The near-term challenges as I also mentioned in my previous articles on BCC still persist as the company is entering into the second half of 2024. However, not to forget, longer-term prospects remain strong primarily due to favorable housing fundamentals like underbuilt housing stock and rising homeowner equity. And, in my view, these tailwinds position the company strongly to capitalize in the future due to its significant local presence and nationwide scale. The company also continues to enhance its revenue potential by leveraging its extensive wholesale distribution network as well as focusing on longer-term capacity growth in the key markets including Kansas City and South Florida. To enhance its market position further, BCC also continues to explore underserved regions including South Central Texas and Carolina Coast, which should further support the company’s revenue growth in the coming years.

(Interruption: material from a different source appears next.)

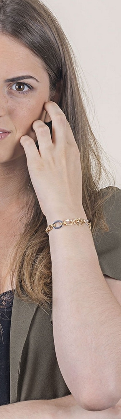 Bracciale catena in Oro Giallo 18k con inserti oro bianco lucido, cm 19.

Overall, the near-term outlook remains challenging for the company due to the high-interest rate environment and unaffordability constraints among buyers, which along with further price decreases should continue to put pressure on the company’s topline growth in 2024. However, the longer term continues to be favorable for the company due to tailwinds associated with demographic trends and the company’s ability to capitalize on that in the coming years.
Valuation
I last wrote a neutral article on BCC in May’24 and since then, the stock has been down approximately 2%, while the S&P500 grew over 6.4% during this time. Currently, the company’s stock is trading at a Non-GAAP forward P/E ratio of 13.95, based on FY24 EPS estimates of $9.60, which represent a year on year decline of about 20% as we can see in the chart below. In comparison with its sector median average P/E, the stock appears to be priced at a significant discount.
While the stock looks attractively priced but is still expensive considering poor growth prospects in the near term. I expect, the company’s topline growth to continue to struggle moving forward due to an unfavorable demand environment followed by elevated mortgage rates and reduced builder confidence. This should lead to lower volume in the quarters ahead, which along with the impact of reduced prices should lead to margin contraction in the coming quarter. This should result in the bottom line contraction, which should deteriorate the company’s stock valuation in the quarters.
Conclusion
As discussed above, the company’s stock is currently trading at a decent discount versus its peers. In my view, the headwinds should continue as the company enters the second half of the year due to the weak demand environment across the business due to the high mortgage rate. Price also remains weak, and as the company is expected to implement further price decreases, the company’s margin should also remain under pressure going ahead. While the company’s stock is valued attractively, poor growth prospects in the near term suggest avoiding this stock despite its promising long-term. hence, I am staying with the HOLD rating on BCC’s stock.